On Wednesday, Congress held a hearing on diversity in the technology industry to address the sector’s abysmal statistics on inclusion. Lawmakers and expert witnesses touted increasing diversity as a necessary tool to reduce the potential harmful biases being coded into technology. 

“The industry’s workforce has remained mostly homogenous. People of color, women, and older Americans have all been notably absent from the tech workforce,” said Rep. Jan Schakowsky (D-Ill.), who chairs the House Energy and Commerce Committee’s consumer protection subcommittee, during her opening remarks. “The technology itself reflects that lack of diversity. That has real impact against Americans. We’ve seen algorithms’ bias in sentencing guidelines resulting in harsher sentences for minorities,” she continued, expressing a sentiment shared by many lawmakers during the hearing—fix diversity and you can fix many of the structural ills of technology that have been baked into its algorithms.
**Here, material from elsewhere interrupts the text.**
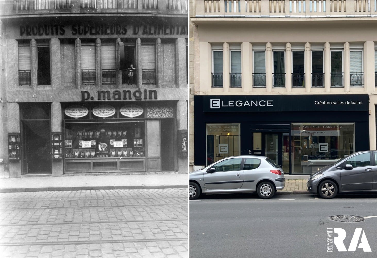Mon père (Pierre MANGIN) a ouvert le magasin d’alimentation « la Grande Épicerie Fine – Vins Nicolas » en 1930. Une caissière, trois vendeuses, une secrétaire au bureau, deux commis et un chauffeur-livreur formaient le personnel. Ma mère Lucie (née HOUSSART) était omniprésente, du matin au soir, tous les jours et même bien souvent le dimanche matin. Mon père s’occupait des achats, de la partie administrative et de l’organisation des livraisons à domicile. En outre, il dirigeait le Groupement d’Approvisionnement en Gros qu’il avait crée sous forme de coopérative avec une quarantaine d’épiciers importants du département. L’activité du magasin sous l’enseigne Pierre MANGIN s’est arrêtée au milieu des années 60.
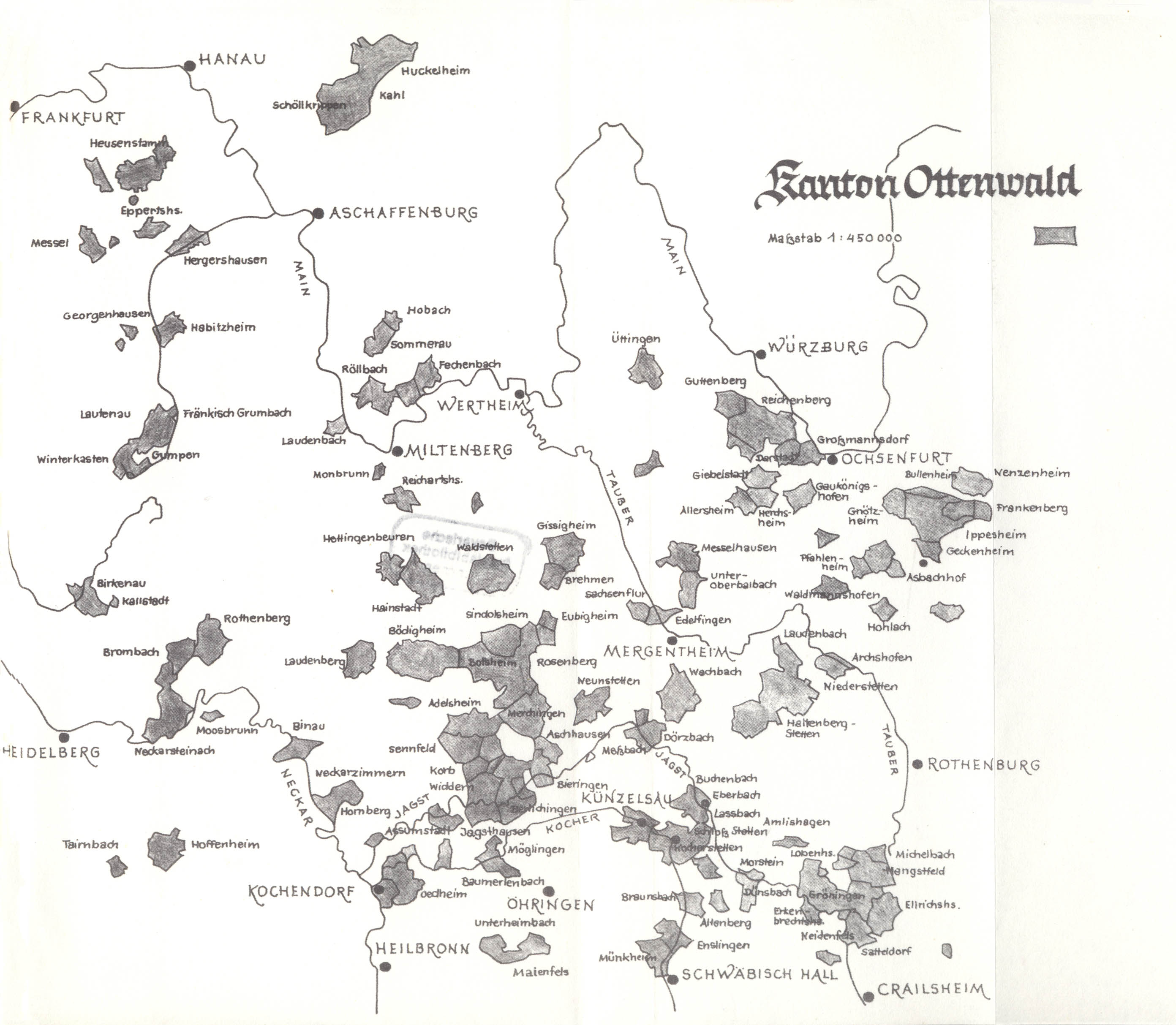 Übersichtskarte des Kantons Odenwald. (aus: Wolfgang von Stetten, Die Rechtsstellung der unmittelbaren freien Reichsritterschaft, ihre Mediatisierung und ihre Stellung in den neuen Landen, dargestellt am fränkischen Kanton Odenwald [Forschungen aus Württembergisch Franken 8], Schwäbisch Hall 1973)

While ensuring more diverse representation in the workforce is an important step toward making technology more equitable, research and track records elsewhere suggest it is not a panacea in rooting out inequities, especially at big organizations in high-impact, complex fields. 

More diverse hiring practices have increased minority participation in police forces, but research suggests diverse departments do little to reduce law enforcement’s disparate racial impact; studies have shown they fail to reduce the disproportionately high amount of lethal force wielded in black communities and are not better at addressing the needs of black communities.

Policing isn’t the only area where better representation of a group hasn’t alleviated mistreatment of that group. More diverse educators have not closed the racial education inequity gap. The prestigious and clubby financial services industry, which has a comparatively better diversity record, is sometimes touted as a model for tech to follow. But those employees didn’t stop the industry from targeting black families with sub-prime mortgages. President Barack Obama’s race didn’t prevent his administration from pursuing housing policies that were detrimental to black wealth. Big tech doesn’t have to look far for similar examples: IBM has one of the oldest workforces among major technology companies, but that hasn’t kept it from being sued for age discrimination after firing thousands of its eldest employees.

Lack of improvement isn’t the fault of minorities working within these organizations, but is likely caused by societal and organizational factors that remain impervious to changes in personnel. As Charles E. Menifield and Geiguen Shin of Rutgers University, along with Princeton University’s Logan Strother, wrote in a paper on race and policing, improvements should focus on “fundamental macro-level policy changes, as well as changes to meso-level organizational practices” that are better equipped than hiring practices “to address the root causes of racial disparities.”  The tech sector is likely no different.

While it is possible that having more minorities at Facebook could have helped the company avoid creating tools that enabled advertisers to discriminate by race with housing ads—which it now says it has fixed—the social-media giant faces a host of problems that are reflective of real-world, systemic racial bias, and where it is less obvious how a more diverse workforce would guarantee change.

The company still makes it possible for advertisers to discriminate against groups of users by targeting ads to proxies for race like zip code, estimated home value, and estimated income. It’s hard to imagine how more diverse engineers would improve predictive policing algorithms when the crime datasets they’d be built with are usually biased. Facial recognition software is, for now, far more accurate at identifying white faces, which could make darker-skinned people more vulnerable to falsely falling under police suspicion. But even if that weren’t the case, the software wouldn’t address already existing issues of bias in the police forces set to use the software. Such limits in reducing bias make representation more of a first step than the solution lawmakers on the energy and commerce committee want it to be.